■ EXERCISE DATA
'''

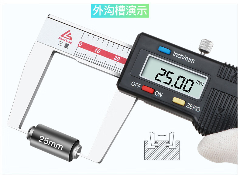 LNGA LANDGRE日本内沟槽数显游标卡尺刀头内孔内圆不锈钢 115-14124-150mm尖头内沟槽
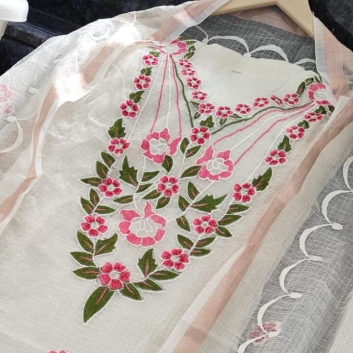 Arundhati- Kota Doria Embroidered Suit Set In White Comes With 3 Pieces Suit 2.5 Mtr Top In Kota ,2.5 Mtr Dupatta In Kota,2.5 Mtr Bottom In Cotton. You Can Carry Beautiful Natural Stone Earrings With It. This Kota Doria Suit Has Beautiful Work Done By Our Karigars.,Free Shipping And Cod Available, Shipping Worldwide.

'''
'''

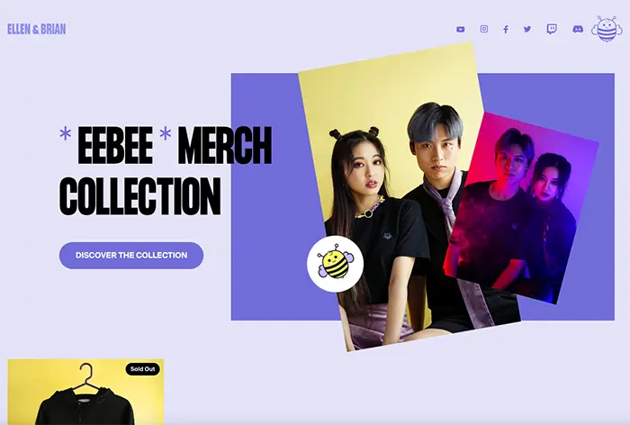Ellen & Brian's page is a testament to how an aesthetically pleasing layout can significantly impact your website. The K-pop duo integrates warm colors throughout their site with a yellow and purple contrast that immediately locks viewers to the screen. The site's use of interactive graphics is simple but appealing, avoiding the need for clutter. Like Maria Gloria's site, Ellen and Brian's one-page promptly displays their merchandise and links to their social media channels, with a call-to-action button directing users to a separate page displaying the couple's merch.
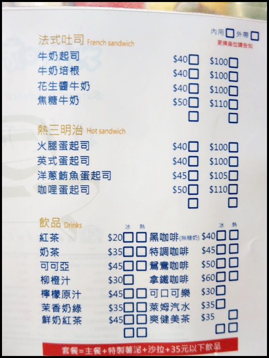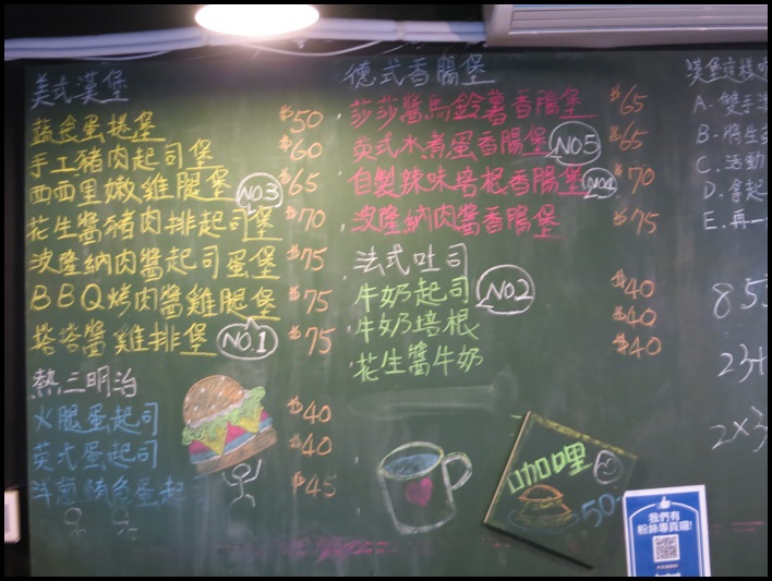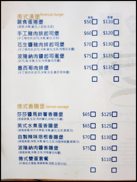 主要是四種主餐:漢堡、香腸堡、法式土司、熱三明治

'''
'''

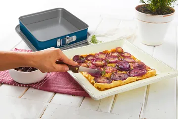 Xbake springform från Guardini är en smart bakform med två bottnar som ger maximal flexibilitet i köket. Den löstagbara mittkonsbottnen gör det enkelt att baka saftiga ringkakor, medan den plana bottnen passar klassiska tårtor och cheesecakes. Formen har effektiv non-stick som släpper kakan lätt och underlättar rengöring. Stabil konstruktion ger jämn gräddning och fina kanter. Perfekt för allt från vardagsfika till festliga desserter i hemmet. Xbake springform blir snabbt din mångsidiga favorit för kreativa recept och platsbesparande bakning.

'''

■ ASSIGNMENT
In the listing above, find the line with "LNGA LANDGRE日本内沟槽数显游标卡尺刀头内孔内圆不锈钢 115-14124-150mm尖头内沟槽" and the line with "Arundhati- Kota Doria". Set down both and every line between them, minus the pictures.

■ OUTPUT OF THE TASK
 LNGA LANDGRE日本内沟槽数显游标卡尺刀头内孔内圆不锈钢 115-14124-150mm尖头内沟槽
 Arundhati- Kota Doria Embroidered Suit Set In White Comes With 3 Pieces Suit 2.5 Mtr Top In Kota ,2.5 Mtr Dupatta In Kota,2.5 Mtr Bottom In Cotton. You Can Carry Beautiful Natural Stone Earrings With It. This Kota Doria Suit Has Beautiful Work Done By Our Karigars.,Free Shipping And Cod Available, Shipping Worldwide.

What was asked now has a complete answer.